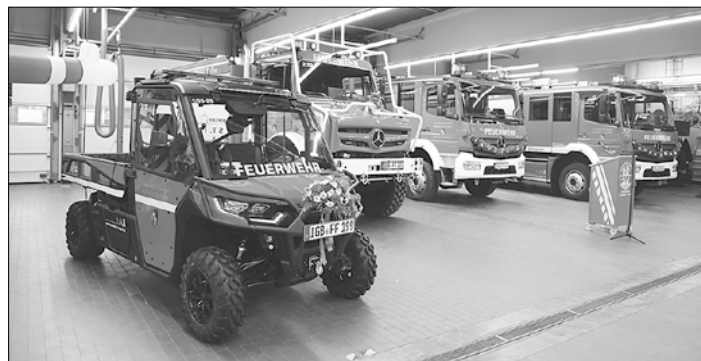
Neue Einsatzfahrzeuge für die Feuerwehr: vlnr. UTV, TLF-W, HLF 10 und HLF 20.

ALLES AUS EINER HAND! MIT QUALITÄT & SERVICE! WIR MODERNISIEREN BAD U. HEIZUNG ZUM FESTPREIS! Besuchen Sie unsere große Bäder- u. Heizungsausstellung
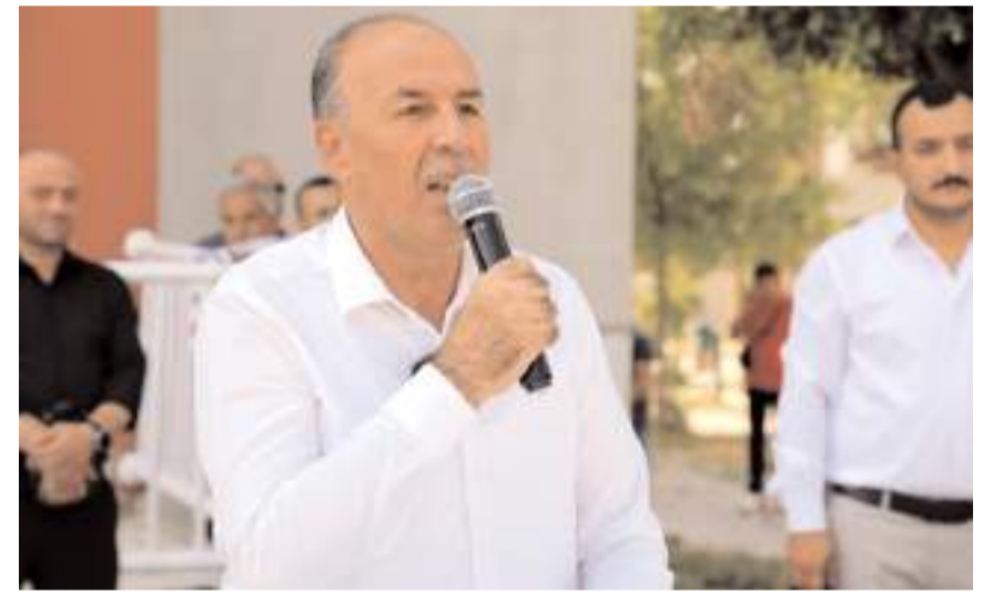
Alaca Belediye Başkanı Şerif Arslan
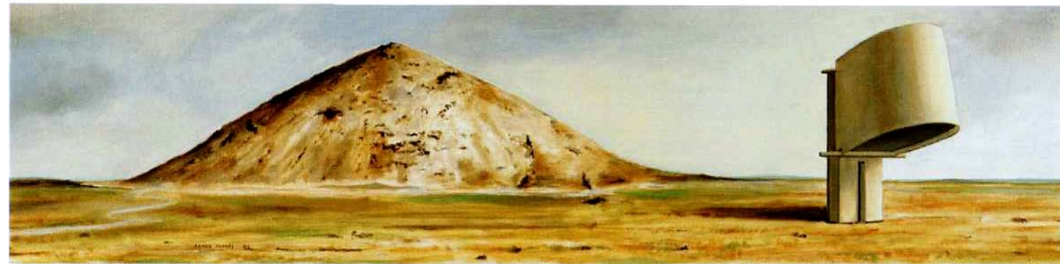
Álvaro Siza. 40 x 40 cm. Óleo/Madera. 2004

En sus maquetas /edificios/ paisajes busca, siempre, una armonía entre la construcción y el espacio. Se trata de no suplantar a la naturaleza: Lo que la naturaleza da, no precisa ser hecho . La máxima es de Siza al que retrata rodeado de los cuadros de esta exposición. No existe competencia entre las formas materiales y los deseos y construcciones del hombre. El resultado es una armonía que da sentido y realidad a los paisajes pintados.
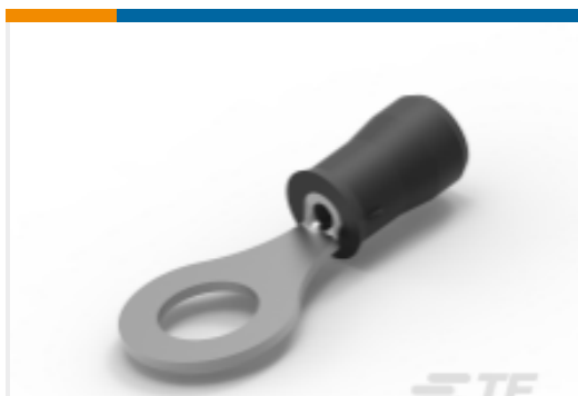
TE 产品编号326882 PIDG Ring Tongue Terminals

• EXERCISE DIRECTIONS:
Print the listing exactly. No pictures belong in the copy.

• PROBLEM SOLUTION:
Neue Einsatzfahrzeuge für die Feuerwehr: vlnr. UTV, TLF-W, HLF 10 und HLF 20.

ALLES AUS EINER HAND! MIT QUALITÄT & SERVICE! WIR MODERNISIEREN BAD U. HEIZUNG ZUM FESTPREIS! Besuchen Sie unsere große Bäder- u. Heizungsausstellung
Alaca Belediye Başkanı Şerif Arslan
Álvaro Siza. 40 x 40 cm. Óleo/Madera. 2004

En sus maquetas /edificios/ paisajes busca, siempre, una armonía entre la construcción y el espacio. Se trata de no suplantar a la naturaleza: Lo que la naturaleza da, no precisa ser hecho . La máxima es de Siza al que retrata rodeado de los cuadros de esta exposición. No existe competencia entre las formas materiales y los deseos y construcciones del hombre. El resultado es una armonía que da sentido y realidad a los paisajes pintados.
TE 产品编号326882 PIDG Ring Tongue Terminals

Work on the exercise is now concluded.